Polarized macrophages induce fibrosis through multiple mechanisms, including a process termed epithelial-to-mesenchymal transition (EMT). Mesenchymal cells contribute to the excessive accumulation of fibrous connective tissues, leading to organ failure. This study was aimed to investigate the effect of tannic acid (TA), a natural dietary polyphenol on M1 macrophage-induced EMT and its underlying mechanisms.

Materials

First, we induced M1 polarization in macrophage cell lines (RAW 264.7 and THP-1). Then, the conditioned-medium (CM) from these polarized macrophages was used to induce EMT in the human adenocarcinomic alveolar epithelial (A549) cells. We also analysed the role of TA on macrophage polarization.

Results

We found that TA pre-treated CM did not induce EMT in epithelial cells. Further, TA pre-treated CM showed diminished activation of MAPK in epithelial cells.
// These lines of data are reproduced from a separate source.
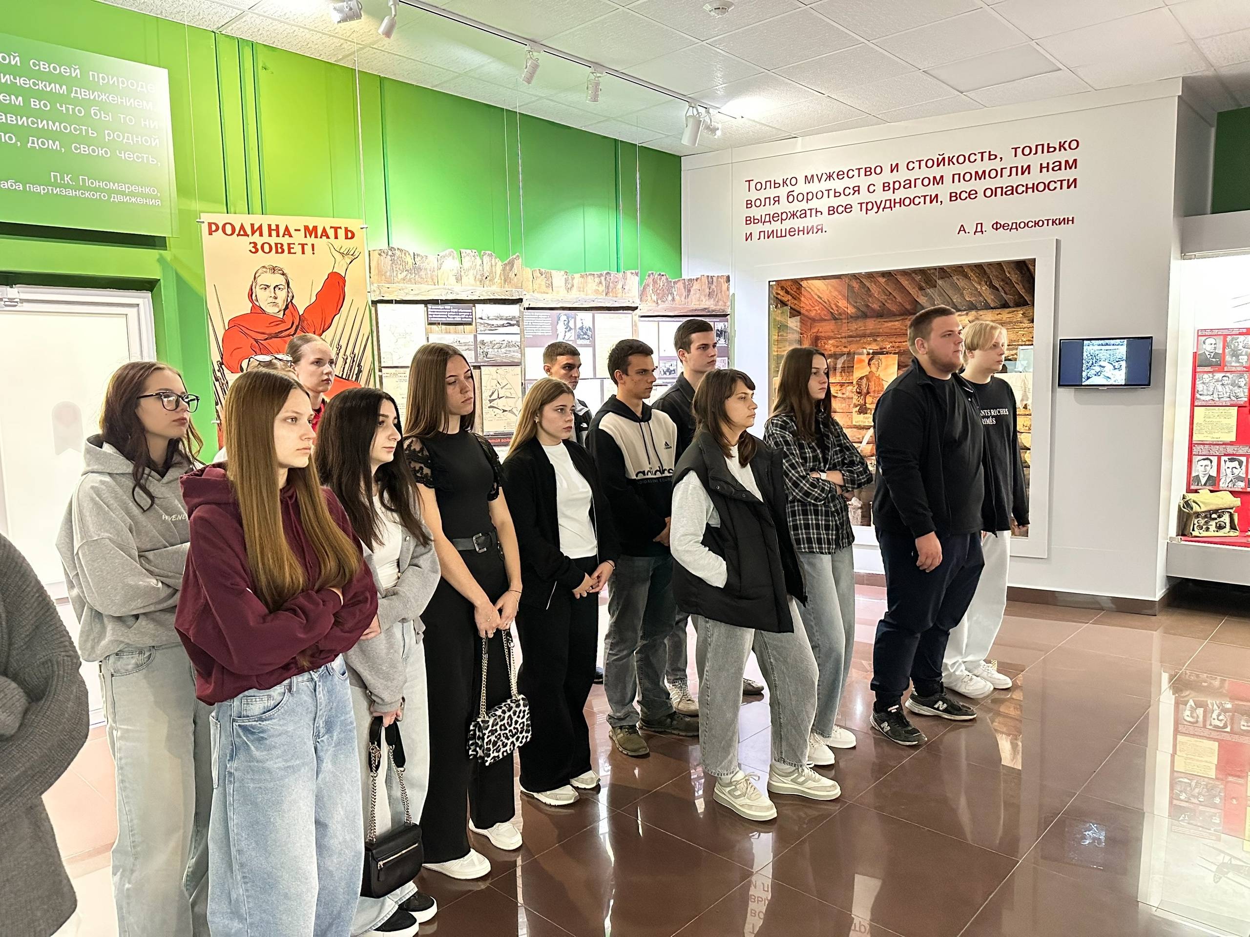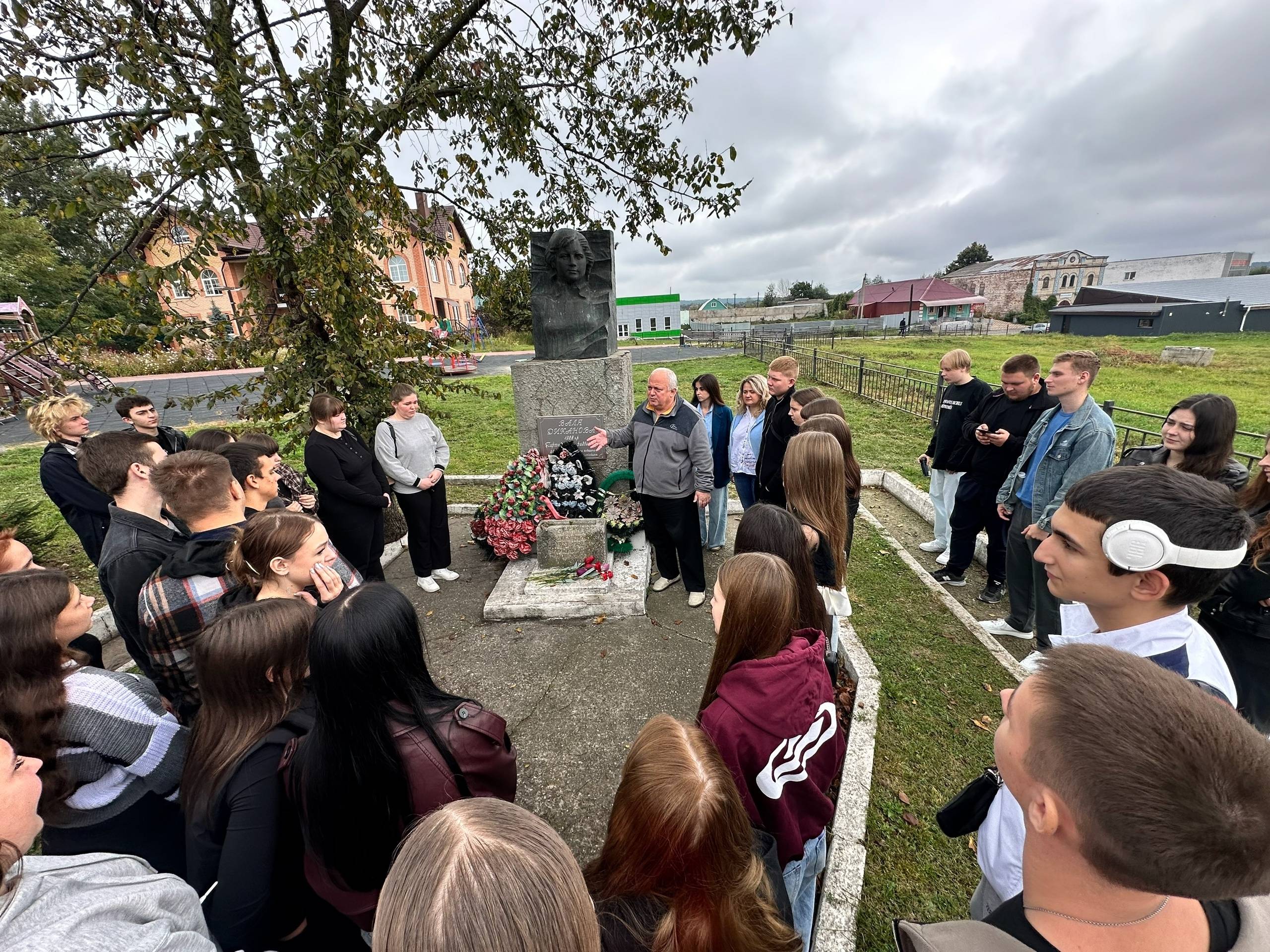 Первую остановку экскурсанты сделали у памятного знака на месте казни партизанской разведчицы Валентины Дикановой в слободе Михайловка. Далее по маршруту был единственный в Курской области музей партизанской славы «Большой Дуб», названный в честь одноимённого посёлка, который немцы сожгли дотла в 1942 году. О страшных событиях той осени ребятам рассказали научные сотрудники музея: Ольга Уханкина и председатель Железногорского местного отделения РВИО Анастасия Мальцева.
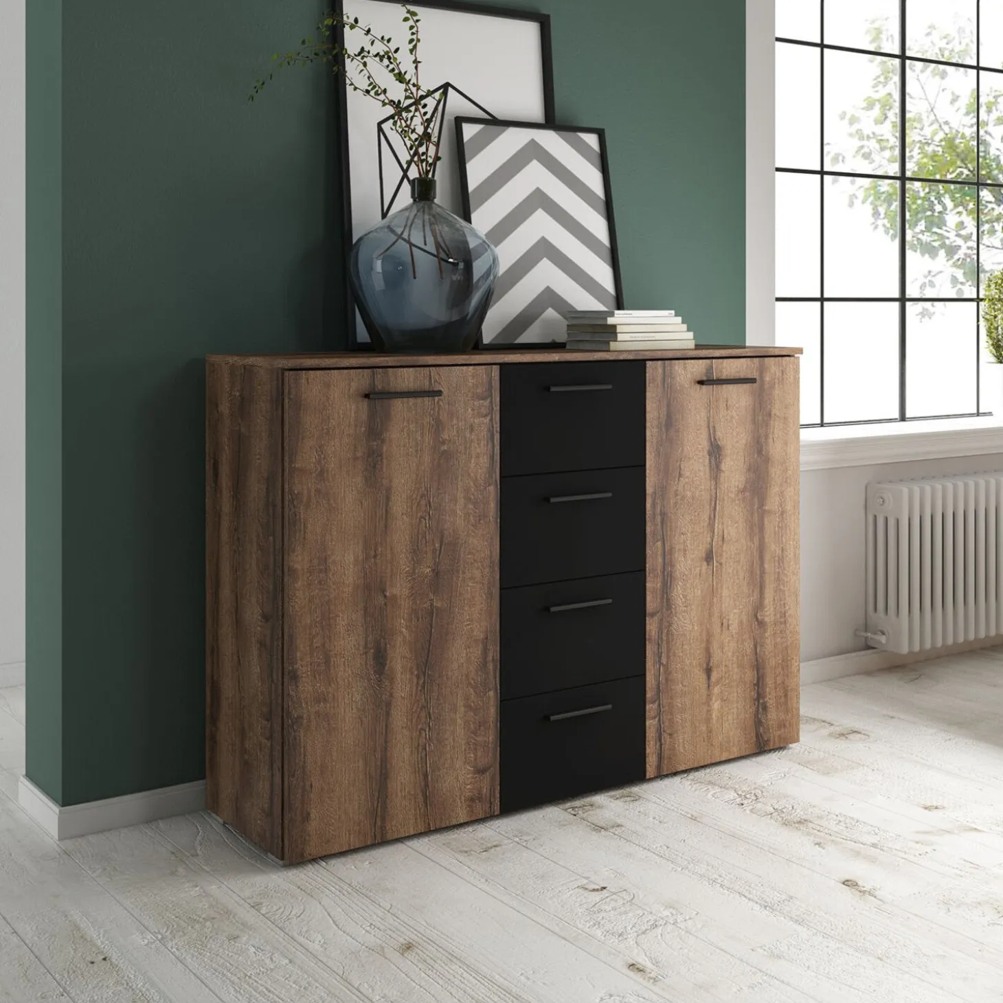 Het dressoir Bern heeft een praktisch en overzichtelijk ontwerp met een duidelijke indeling. De combinatie van kastdeuren en lades zorgt voor een functioneel geheel met een rustige en toegankelijke uitstraling.
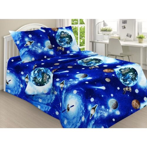 КПБ 1,5-спальный. Бязь. 125 г/м. Галактика синий
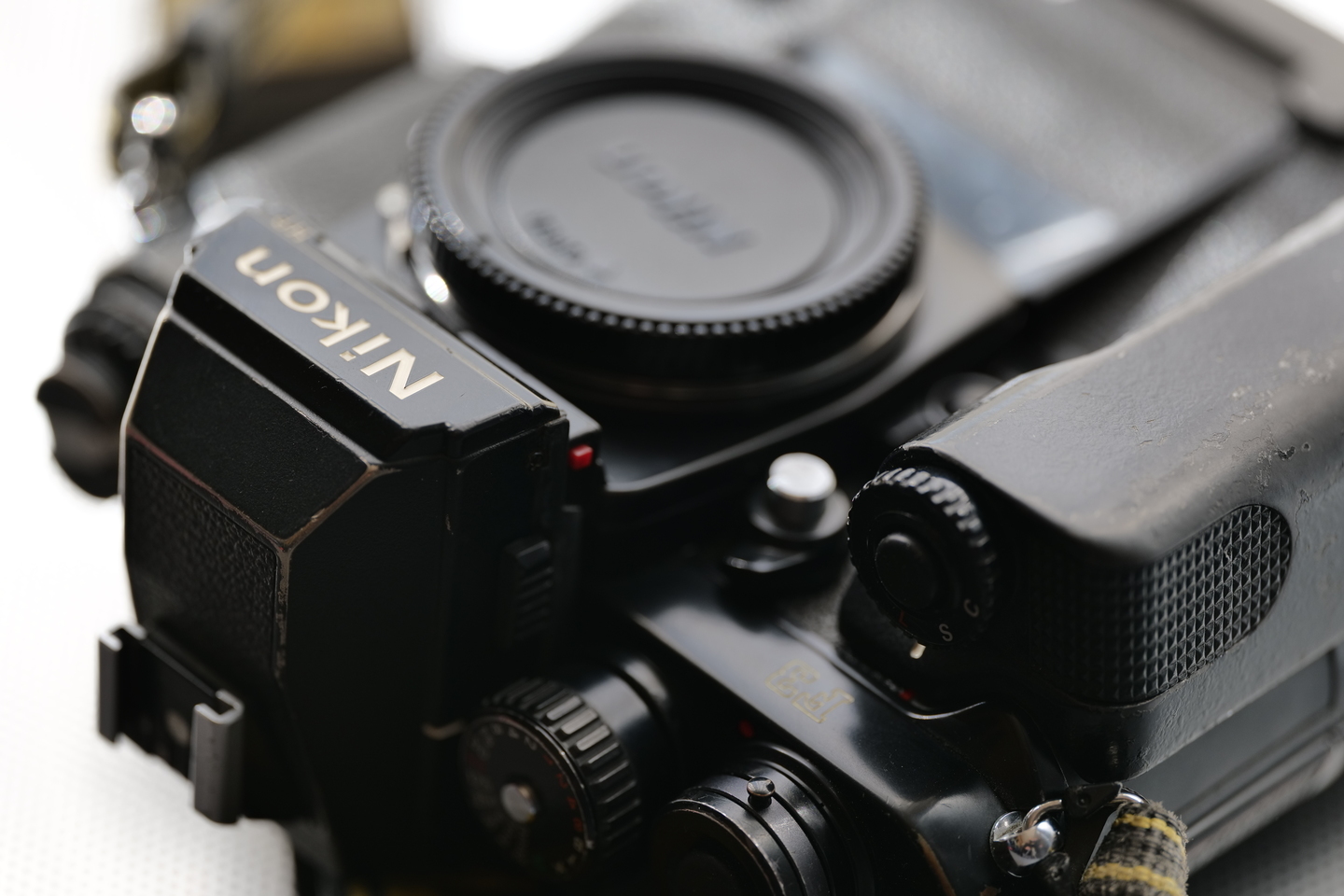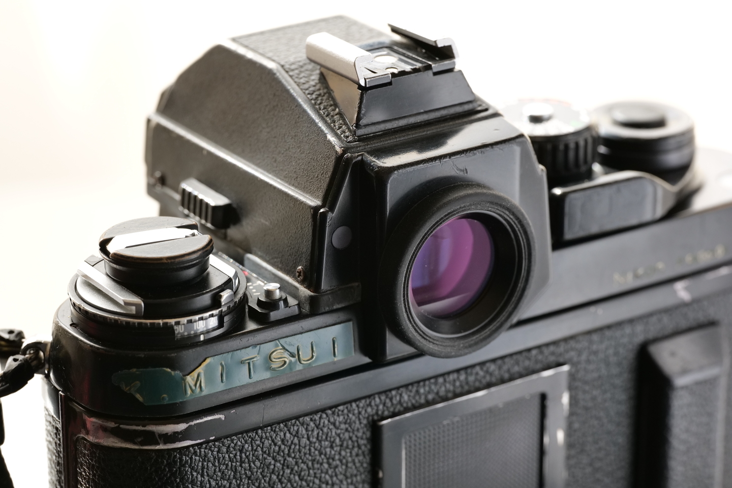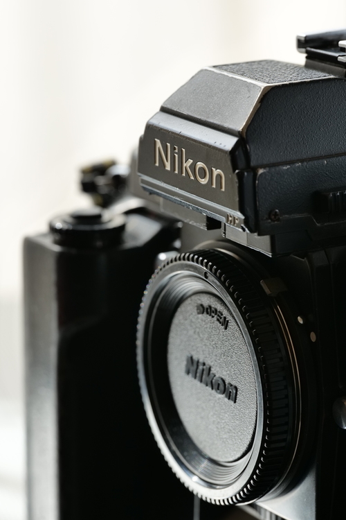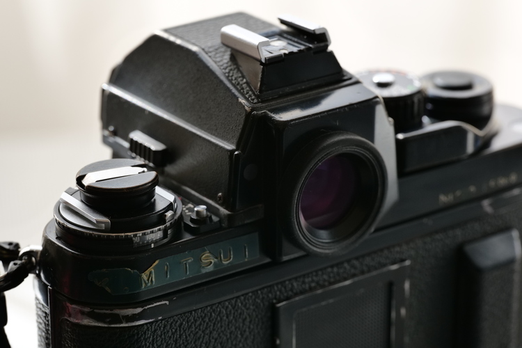 今度は背面のファインダー接眼部周辺を撮ってみましょう。このカットは窓辺に置いただけのカットです。今見てもこのニコン「F3」シリーズはカッコいいですね。新宿にある「北村写真機店」ではコンディションのいい個体が入荷している場合があります。興味がある方はぜひお店までどうぞ!

Subsequently, TA was shown to inhibit LPS-induced M1 polarization in macrophages by directly targeting toll-like receptor 4 (TLR4), thereby repressing LPS binding to TLR4/MD2 complex and subsequent signal transduction.

Conclusion

It was concluded that TA prevented M1 macrophage-induced EMT by suppressing the macrophage polarization possibly through inhibiting the formation of LPS-TLR4/MD2 complex and blockage of subsequent downstream signal activation. Further, our findings may provide beneficial information to develop new therapeutic strategies against chronic inflammatory diseases.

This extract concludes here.